:: Supplied information ::

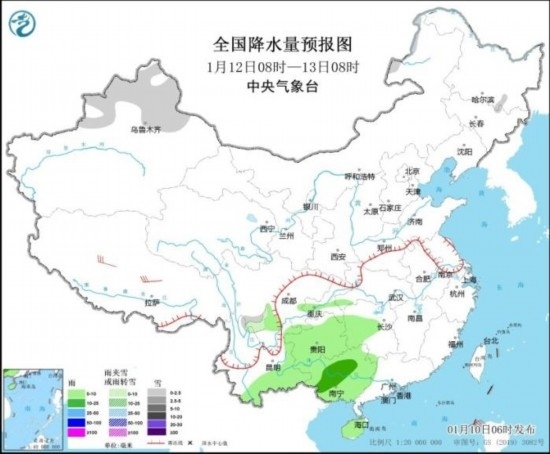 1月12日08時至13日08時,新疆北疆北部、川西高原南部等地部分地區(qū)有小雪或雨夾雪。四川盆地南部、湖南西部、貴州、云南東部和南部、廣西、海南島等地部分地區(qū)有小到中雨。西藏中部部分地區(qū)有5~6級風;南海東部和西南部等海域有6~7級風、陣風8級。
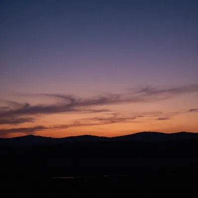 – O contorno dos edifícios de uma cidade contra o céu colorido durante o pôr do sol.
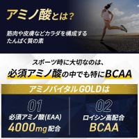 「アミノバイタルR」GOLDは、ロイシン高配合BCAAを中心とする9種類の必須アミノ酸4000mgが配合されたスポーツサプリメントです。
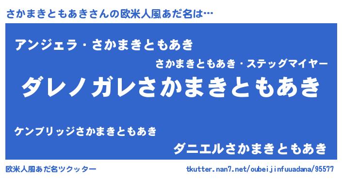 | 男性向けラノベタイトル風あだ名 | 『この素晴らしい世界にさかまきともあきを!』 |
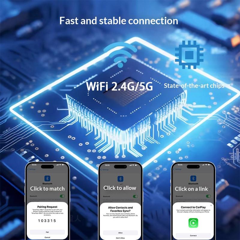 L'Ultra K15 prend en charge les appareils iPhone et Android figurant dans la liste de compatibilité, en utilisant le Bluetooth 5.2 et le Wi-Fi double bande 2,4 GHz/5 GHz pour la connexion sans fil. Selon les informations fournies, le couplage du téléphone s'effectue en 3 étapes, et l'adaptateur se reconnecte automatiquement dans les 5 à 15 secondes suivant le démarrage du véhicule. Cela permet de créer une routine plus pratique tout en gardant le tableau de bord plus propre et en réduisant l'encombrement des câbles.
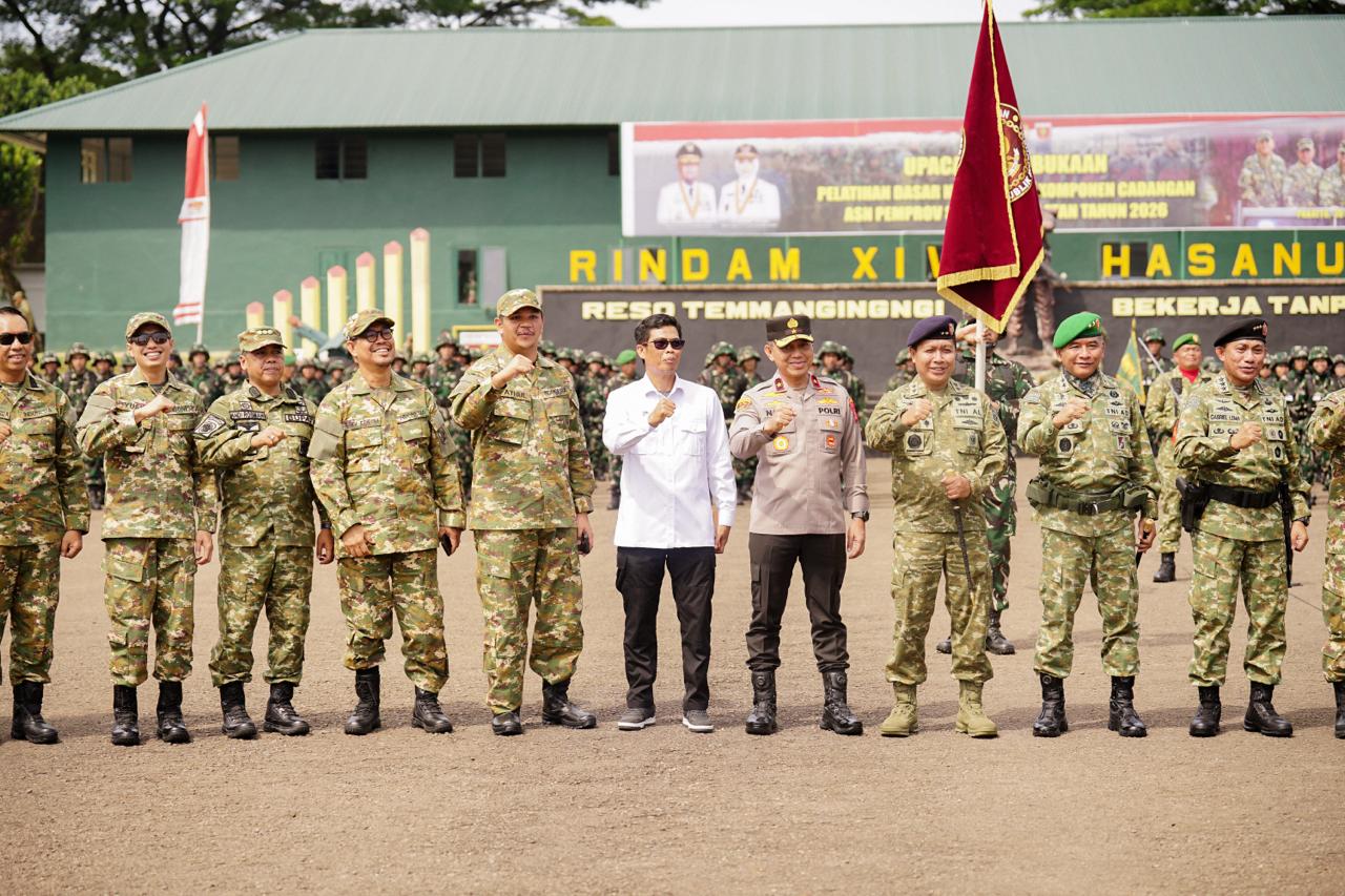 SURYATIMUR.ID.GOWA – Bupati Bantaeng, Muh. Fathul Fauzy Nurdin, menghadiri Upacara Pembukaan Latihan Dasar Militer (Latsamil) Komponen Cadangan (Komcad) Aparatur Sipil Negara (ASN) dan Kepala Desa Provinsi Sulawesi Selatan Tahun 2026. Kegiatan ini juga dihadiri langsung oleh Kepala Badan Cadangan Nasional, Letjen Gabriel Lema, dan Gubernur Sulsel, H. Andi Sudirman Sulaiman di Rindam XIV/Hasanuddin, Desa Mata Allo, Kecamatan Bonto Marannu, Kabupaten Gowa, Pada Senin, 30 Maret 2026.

:::

_Task requirements_
In the records above, find the line with "L'Ultra K15 prend" and copy from it through the last line exactly, without the pictures.

_Result of the task_
 L'Ultra K15 prend en charge les appareils iPhone et Android figurant dans la liste de compatibilité, en utilisant le Bluetooth 5.2 et le Wi-Fi double bande 2,4 GHz/5 GHz pour la connexion sans fil. Selon les informations fournies, le couplage du téléphone s'effectue en 3 étapes, et l'adaptateur se reconnecte automatiquement dans les 5 à 15 secondes suivant le démarrage du véhicule. Cela permet de créer une routine plus pratique tout en gardant le tableau de bord plus propre et en réduisant l'encombrement des câbles.
 SURYATIMUR.ID.GOWA – Bupati Bantaeng, Muh. Fathul Fauzy Nurdin, menghadiri Upacara Pembukaan Latihan Dasar Militer (Latsamil) Komponen Cadangan (Komcad) Aparatur Sipil Negara (ASN) dan Kepala Desa Provinsi Sulawesi Selatan Tahun 2026. Kegiatan ini juga dihadiri langsung oleh Kepala Badan Cadangan Nasional, Letjen Gabriel Lema, dan Gubernur Sulsel, H. Andi Sudirman Sulaiman di Rindam XIV/Hasanuddin, Desa Mata Allo, Kecamatan Bonto Marannu, Kabupaten Gowa, Pada Senin, 30 Maret 2026.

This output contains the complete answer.